• **Problem**:
In the material below, the lines between the one holding "Рис. 9. Пример" and the one holding "Papa (Claes Malmberg)", inclusive, are to be set down word for word. Pictures stay out.

• **Records**:
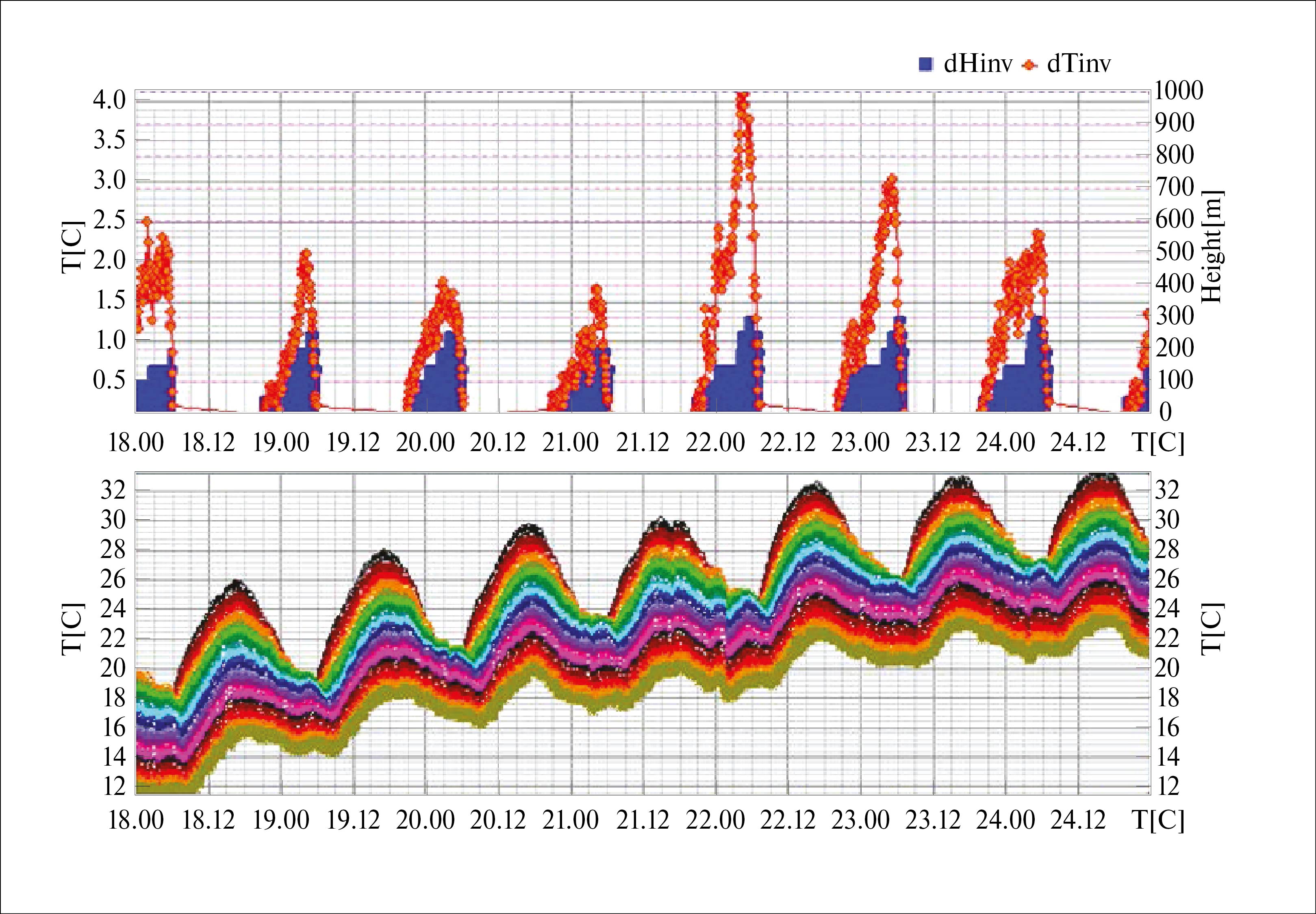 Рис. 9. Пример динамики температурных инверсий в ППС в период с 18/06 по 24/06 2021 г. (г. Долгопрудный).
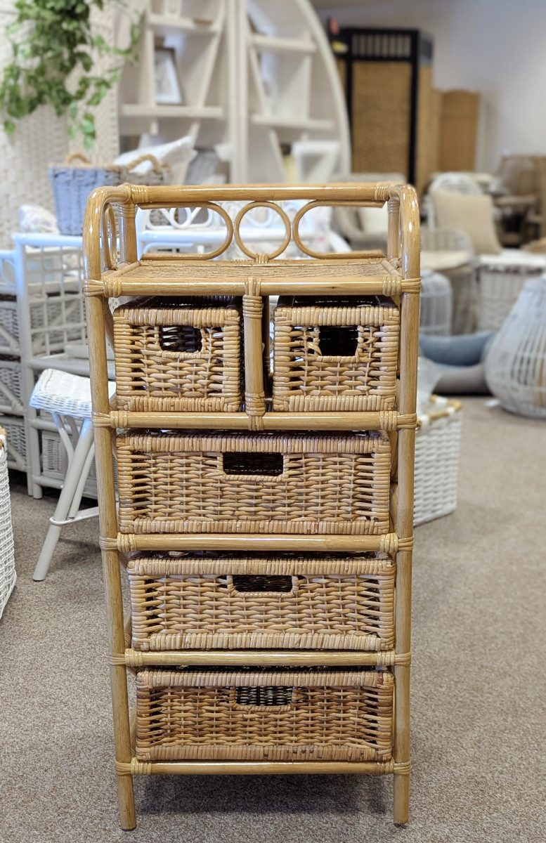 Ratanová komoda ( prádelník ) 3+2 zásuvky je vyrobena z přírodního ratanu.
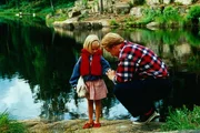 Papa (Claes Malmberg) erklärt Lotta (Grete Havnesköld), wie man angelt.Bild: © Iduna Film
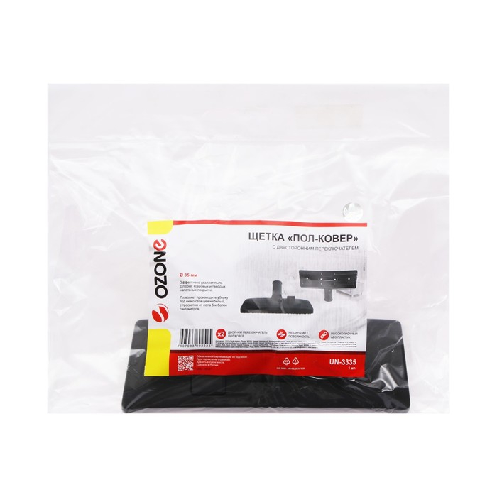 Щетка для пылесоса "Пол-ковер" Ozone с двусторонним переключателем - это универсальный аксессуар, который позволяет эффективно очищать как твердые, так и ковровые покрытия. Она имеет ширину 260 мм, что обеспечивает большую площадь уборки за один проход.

* * *

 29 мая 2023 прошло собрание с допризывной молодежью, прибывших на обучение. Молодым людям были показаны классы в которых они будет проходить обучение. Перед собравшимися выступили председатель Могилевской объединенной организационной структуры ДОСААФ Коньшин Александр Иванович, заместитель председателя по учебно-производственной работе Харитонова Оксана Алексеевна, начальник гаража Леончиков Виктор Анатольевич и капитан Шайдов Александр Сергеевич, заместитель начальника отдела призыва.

---

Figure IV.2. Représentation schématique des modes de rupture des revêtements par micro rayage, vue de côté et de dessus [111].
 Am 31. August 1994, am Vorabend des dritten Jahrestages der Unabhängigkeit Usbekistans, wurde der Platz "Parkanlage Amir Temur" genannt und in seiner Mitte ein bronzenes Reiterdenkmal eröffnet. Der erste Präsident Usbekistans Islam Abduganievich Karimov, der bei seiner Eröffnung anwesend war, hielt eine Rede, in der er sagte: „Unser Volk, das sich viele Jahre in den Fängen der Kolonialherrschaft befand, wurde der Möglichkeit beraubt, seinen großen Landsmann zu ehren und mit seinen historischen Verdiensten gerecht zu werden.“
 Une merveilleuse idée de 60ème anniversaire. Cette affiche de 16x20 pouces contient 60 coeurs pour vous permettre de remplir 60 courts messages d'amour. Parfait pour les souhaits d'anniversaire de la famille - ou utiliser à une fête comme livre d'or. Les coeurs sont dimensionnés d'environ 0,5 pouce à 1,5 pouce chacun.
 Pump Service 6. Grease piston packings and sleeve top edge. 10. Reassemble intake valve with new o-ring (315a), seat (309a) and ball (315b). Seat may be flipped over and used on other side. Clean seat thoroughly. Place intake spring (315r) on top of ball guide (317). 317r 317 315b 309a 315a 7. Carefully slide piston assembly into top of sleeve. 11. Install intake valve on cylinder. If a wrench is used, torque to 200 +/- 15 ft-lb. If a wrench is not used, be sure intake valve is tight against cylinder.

• **Task answer**:
 Рис. 9. Пример динамики температурных инверсий в ППС в период с 18/06 по 24/06 2021 г. (г. Долгопрудный).
 Ratanová komoda ( prádelník ) 3+2 zásuvky je vyrobena z přírodního ratanu.
 Papa (Claes Malmberg) erklärt Lotta (Grete Havnesköld), wie man angelt.Bild: © Iduna Film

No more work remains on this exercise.